Singh brothers quit Fortis Board
09 Feb 2018
Fortis announced Thursday that Malvinder Singh is resigning from his executive chairman role and Shivinder Singh is stepping down as vice chairman. The brothers cited the high court judgment relating Daiichi Sankyo which they previously controlled, saying their resignation would ''free the organization from any encumbrances whatsoever that may be linked to the Promoters''.
Malvinder and Shivinder Singh |
Meanwhile, Bloomberg reported today citing people with knowledge of the matter, the brothers took at least Rs500 crore ($78 million) out of the publicly-traded hospital company Fortis Healthcare Ltd that they control, without board approval about a year ago,.
The funds were reported on the balance sheet of Fortis Healthcare as cash and cash equivalents, but the money was routed and placed under the control of the Singhs at the time, according to the sources.
Fortis's auditor Deloitte Haskins & Sells LLP refused to sign off on the company's second-quarter results until the funds were accounted for or returned, the people said.
Meanwhile late on Thursday, the Singh brothers – also the promoters of Ranbaxy Laboratories - stepped down from the Fortis board in connection with a case against Japan's Daiichi Sankyo which they lost in the Delhi High Court (See: Ranbaxy's Singh bros must pay Daiichi Rs3,500 cr, rules HC).
It wasn't immediately clear what the Singhs may have used the funds for. Malvinder and Shivinder Singh have been working to pay back the money so the company can release its results, Bloomberg's sources said.
A spokesman for Fortis said the company loaned Rs473 crore to ''certain corporate bodies in normal course of treasury operations'' as of July 2017, and in the third quarter of the current financial year those companies subsequently became part of the Singhs' corporate group. The loans have since been recognised as related party transactions and repayment has commenced, the spokesman said in an emailed statement.
India's Companies Act requires board approval for related party transactions, and when they exceed a prescribed size, approval from shareholders is required. Those who authorise a related-party transaction without the proper approvals can be punished under Indian law with up to a year in prison or a fine of Rs5 lakh.
A Deloitte spokesman directed questions to Fortis, saying the auditing firm can't comment on specific client matters due to confidentiality obligations.
Fortis, India's second-largest hospital chain, announced on Thursday it would report both its second- and third-quarter results on 13 February. The company reported cash and cash equivalents of Rs540 crore as of 31 March, compared to Rs140 crore in the previous year.
The efforts to address the issue with Fortis's balance sheet come amid mounting legal and financial woes for the Singhs, third-generation magnates of a family that traces its fortune back to pre-Independence India. Now, the brothers are looking to sell chunks of their health care-to-finance empire as their main holding company grapples with a debt load that stood at around $1.5 billion in its 2016 fiscal-year filing, and has already seen one default.

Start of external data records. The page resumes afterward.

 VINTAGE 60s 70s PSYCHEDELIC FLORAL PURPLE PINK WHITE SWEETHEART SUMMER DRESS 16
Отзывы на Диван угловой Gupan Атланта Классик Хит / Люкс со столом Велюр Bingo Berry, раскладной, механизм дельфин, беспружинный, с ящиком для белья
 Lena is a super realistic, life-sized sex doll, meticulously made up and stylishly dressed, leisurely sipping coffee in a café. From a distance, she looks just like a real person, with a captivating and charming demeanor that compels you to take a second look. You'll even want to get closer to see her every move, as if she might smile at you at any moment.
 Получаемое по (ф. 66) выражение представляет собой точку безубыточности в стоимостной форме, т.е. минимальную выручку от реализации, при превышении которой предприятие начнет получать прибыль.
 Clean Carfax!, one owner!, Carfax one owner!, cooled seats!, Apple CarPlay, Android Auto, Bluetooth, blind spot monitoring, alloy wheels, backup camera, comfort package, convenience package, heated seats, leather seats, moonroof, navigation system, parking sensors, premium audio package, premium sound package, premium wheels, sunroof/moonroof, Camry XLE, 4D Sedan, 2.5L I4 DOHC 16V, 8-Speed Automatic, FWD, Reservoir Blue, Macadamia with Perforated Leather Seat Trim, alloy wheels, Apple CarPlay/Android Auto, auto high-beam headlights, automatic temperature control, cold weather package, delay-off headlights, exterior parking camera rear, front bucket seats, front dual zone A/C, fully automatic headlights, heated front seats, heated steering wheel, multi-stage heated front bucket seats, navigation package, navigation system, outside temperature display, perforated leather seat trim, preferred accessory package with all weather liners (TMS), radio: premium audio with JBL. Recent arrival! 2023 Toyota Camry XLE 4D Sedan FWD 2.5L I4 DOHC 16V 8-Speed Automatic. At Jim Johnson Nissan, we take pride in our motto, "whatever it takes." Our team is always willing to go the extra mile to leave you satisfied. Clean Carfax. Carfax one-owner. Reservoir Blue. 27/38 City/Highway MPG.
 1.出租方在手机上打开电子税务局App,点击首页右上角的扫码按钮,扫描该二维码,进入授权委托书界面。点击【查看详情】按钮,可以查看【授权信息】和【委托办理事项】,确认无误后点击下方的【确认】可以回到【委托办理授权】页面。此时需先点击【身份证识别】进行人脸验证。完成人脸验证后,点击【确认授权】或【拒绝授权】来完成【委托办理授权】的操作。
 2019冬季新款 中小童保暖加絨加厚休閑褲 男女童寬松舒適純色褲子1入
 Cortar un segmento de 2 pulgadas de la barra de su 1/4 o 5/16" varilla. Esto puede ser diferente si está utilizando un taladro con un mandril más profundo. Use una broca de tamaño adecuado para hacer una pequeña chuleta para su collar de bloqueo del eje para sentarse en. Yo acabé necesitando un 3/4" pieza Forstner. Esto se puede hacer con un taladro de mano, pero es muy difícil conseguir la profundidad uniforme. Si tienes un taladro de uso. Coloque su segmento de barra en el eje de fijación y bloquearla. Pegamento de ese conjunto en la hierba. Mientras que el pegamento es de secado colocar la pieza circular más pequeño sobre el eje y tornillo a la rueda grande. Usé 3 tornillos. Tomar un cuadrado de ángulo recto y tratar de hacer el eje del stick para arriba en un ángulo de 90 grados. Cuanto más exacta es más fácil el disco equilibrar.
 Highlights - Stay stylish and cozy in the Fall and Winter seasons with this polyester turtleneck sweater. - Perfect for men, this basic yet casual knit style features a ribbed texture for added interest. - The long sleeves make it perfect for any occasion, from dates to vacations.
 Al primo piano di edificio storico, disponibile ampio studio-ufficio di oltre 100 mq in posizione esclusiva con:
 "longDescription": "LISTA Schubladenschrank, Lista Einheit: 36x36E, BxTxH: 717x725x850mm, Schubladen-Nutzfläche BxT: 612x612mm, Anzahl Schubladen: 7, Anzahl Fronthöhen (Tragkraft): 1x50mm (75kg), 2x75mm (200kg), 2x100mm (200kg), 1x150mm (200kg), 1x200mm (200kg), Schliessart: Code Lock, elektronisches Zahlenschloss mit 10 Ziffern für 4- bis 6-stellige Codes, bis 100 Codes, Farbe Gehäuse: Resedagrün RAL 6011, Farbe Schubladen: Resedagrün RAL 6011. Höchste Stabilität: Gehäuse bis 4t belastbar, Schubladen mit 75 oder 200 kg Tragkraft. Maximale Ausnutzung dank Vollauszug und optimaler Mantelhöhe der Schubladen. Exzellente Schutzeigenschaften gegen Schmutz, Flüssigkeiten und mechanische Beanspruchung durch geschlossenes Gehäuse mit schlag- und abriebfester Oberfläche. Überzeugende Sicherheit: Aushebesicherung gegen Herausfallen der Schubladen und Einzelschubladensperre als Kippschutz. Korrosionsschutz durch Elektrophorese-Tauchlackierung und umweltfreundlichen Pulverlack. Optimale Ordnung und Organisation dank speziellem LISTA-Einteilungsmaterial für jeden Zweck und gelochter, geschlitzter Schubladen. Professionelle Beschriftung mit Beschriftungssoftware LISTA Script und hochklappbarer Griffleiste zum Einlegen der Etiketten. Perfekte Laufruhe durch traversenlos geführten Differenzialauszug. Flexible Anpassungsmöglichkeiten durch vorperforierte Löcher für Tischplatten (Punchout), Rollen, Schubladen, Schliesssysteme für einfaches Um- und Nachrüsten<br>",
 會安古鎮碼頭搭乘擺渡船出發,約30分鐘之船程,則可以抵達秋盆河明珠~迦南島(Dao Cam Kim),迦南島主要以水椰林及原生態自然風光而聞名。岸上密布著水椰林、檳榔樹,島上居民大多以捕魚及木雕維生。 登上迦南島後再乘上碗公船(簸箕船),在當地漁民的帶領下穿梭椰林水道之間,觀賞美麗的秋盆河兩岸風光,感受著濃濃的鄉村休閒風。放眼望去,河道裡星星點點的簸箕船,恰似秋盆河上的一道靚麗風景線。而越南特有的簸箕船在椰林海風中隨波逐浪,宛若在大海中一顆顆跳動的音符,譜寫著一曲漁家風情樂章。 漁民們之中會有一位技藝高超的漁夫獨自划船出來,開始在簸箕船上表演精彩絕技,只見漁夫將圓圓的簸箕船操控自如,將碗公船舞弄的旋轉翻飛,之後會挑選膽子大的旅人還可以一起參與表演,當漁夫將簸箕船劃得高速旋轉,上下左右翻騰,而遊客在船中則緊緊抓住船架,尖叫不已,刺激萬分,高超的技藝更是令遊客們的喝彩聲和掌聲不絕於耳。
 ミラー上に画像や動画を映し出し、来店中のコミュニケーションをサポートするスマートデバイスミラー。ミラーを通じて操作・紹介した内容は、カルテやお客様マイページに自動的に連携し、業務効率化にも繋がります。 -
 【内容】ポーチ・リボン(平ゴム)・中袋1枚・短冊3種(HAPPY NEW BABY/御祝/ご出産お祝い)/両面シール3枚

In their joint resignation letter on Thursday, the brothers requested the board ''look into all inter-group transactions and distance the Promoter Group from Fortis Healthcare Limited in a manner that enables continuity of the operations of the organisation''.
In Indian businesses, the promoters effectively control a company and often hold the largest stake. The brothers own about 34 per cent of Fortis, according to exchange filings.
The brothers are also facing a lawsuit brought by New York-based private equity firm Siguler Guff & Co., which accused them of ''siphoning'' money out of another publicly-traded firm they control to help them manage their personal debts, according to documents filed with the Delhi High Court.
The small business lending arm of the Singhs' financial services firm, Religare Enterprises Ltd, made 21 loans to a number of seemingly independent companies that routed at least $300 million back to closely held Singh firms on the same day, according to a central bank investigation of the company's fiscal 2016 books filed in Delhi as part of the suit. The Singhs have said the allegations are ''completely baseless'' and said they have responded to them in court.
Fortis said in an exchange filing, it delayed releasing its results for the quarter that ended 30 September because its board was occupied pursuing a buyout of a Singapore-listed real estate trust that has acted as a kind of landlord to Fortis's hospitals. On 16 January, Fortis announced the exclusivity period for its negotiations of the proposed Rs4,650 crore deal would be extended to 12 February.
The Supreme Court has ordered the Singh brothers not to sell or dilute their shareholding in Fortis until it decides on Daiichi's petition to place a longer-term halt on asset sales by the Singhs. The siblings are contesting that ruling.